MSNBC panel: First black female Harvard president, Ketanji Brown Jackson have been ‘set up to fail’

As if any further evidence is needed that diversity-obsessed activists will never be satisfied, an MSNBC host and her two guests found reason to be unhappy about the historic firsts of two black women who were elevated to the pinnacle of their professions, suggesting that new Harvard University President Claudine Gay and Supreme Court Justice Ketanji Brown Jackson have already been undermined by a system of oppression that has set them up for failure.

On Saturday’s edition of the “The Mehdi Hasan Show,” a segment was devoted to the so-called “glass cliff,” a theory that women who achieve leadership roles often are allowed to do so during times of crisis and as a result, the increased chance that they will fail has already been pre-baked into the cake.

Filling in for the show’s namesake, guest host Melissa Murray welcomed Fatima Goss Graves who heads up the National Women’s Law Center, and Christy Glass, a Utah State University sociology professor to engage in a discussion of why the groundbreaking appointment of Gay at the prestigious Ivy League institution of learning as well as Jackson’s ascension to the nation’s highest court may not actually be good things.

(Video: MSNBC)

“History is being made at Harvard. The Ivy League university named its 30th president last week, and the honor went to political scientist Claudine Gay who currently serves as the dean of Harvard’s faculty of arts and sciences. She’s set to become only the second woman to lead Harvard, and the first person of color to serve in that role in the school’s nearly 400-year history,” noting how it is a “remarkable” achievement considering the institution’s racist past.

“Well, it is certainly a well-deserved honor, but, and there is a big but to this story, President Gay will take over at Harvard next July, right around the same time that the Supreme Court is poised to overturn the university’s long-standing race-conscious admissions policy,” she added. “This means that Claudine Gay will likely be stepping into a huge legal and political mess as soon as she’s sworn in. Now, I feel this so acutely. In 2016, I became the interim dean at Berkeley law after a major sexual harassment scandal. It was obviously an amazing career opportunity for me, but it was also amazingly fraught with career risks, and I know I’m not alone.”

“For a lot of women, and especially women of color, Claudine Gay’s landmark appointment feels a little bit like another case of women getting a much-deserved leadership opportunity, but only in times when their institutions are undergoing some kind of profound crisis,” Murray continued. “You’ve obviously heard of the glass ceiling. Well, this is a little bit like a glass cliff. The idea that women get a better chance of breaking through that ceiling only when someone is needed to clean up an intractable mess.
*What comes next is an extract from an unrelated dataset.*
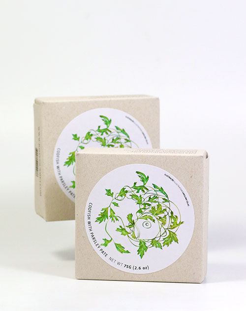 Kabeljau-Paté mit Kichererbsen und Petersilie.

The danger, of course, is that in cleaning up the mess, you run the risk of falling off the cliff.”

Glass then opined, “White women, and women of color, and men of color as well, tend to be appointed CEO, or head coach, to losing teams or to organizations in crisis. And what we also find is that they’re often blamed for the crisis that was not of their making, that predated their leadership trajectory, and held to account for the crisis.”

“This feels like a really vicious feedback loop where women are essentially set up to fail and, when they do fail, critics say, see, should have never had a woman. That’s affirmative action at work,” Murray responded. “We know this phenomenon in real life. We have a sitting member of the Supreme Court, Ketanji Brown Jackson, who herself faces a sort of glass cliff situation. She’s the first woman of color, the first black woman, rather, to serve on the high court. But she comes on to the Court just as a conservative super-majority is chipping away at civil rights.”

Later in the segment, Goss Graves said, “You know, the irony that she joined the Court in the wake of Dobbs, during the arguments for the affirmative action cases, the cases before the court on voting, on LGBTQ equality, and more.”

“And in many ways she’s sort of a singular voice around blackness on the Court right now. It is a burden that no human can bear . . .,” she added. “It’s too much for any singular person’s shoulders, but it is exciting to see nonetheless, I have to say.”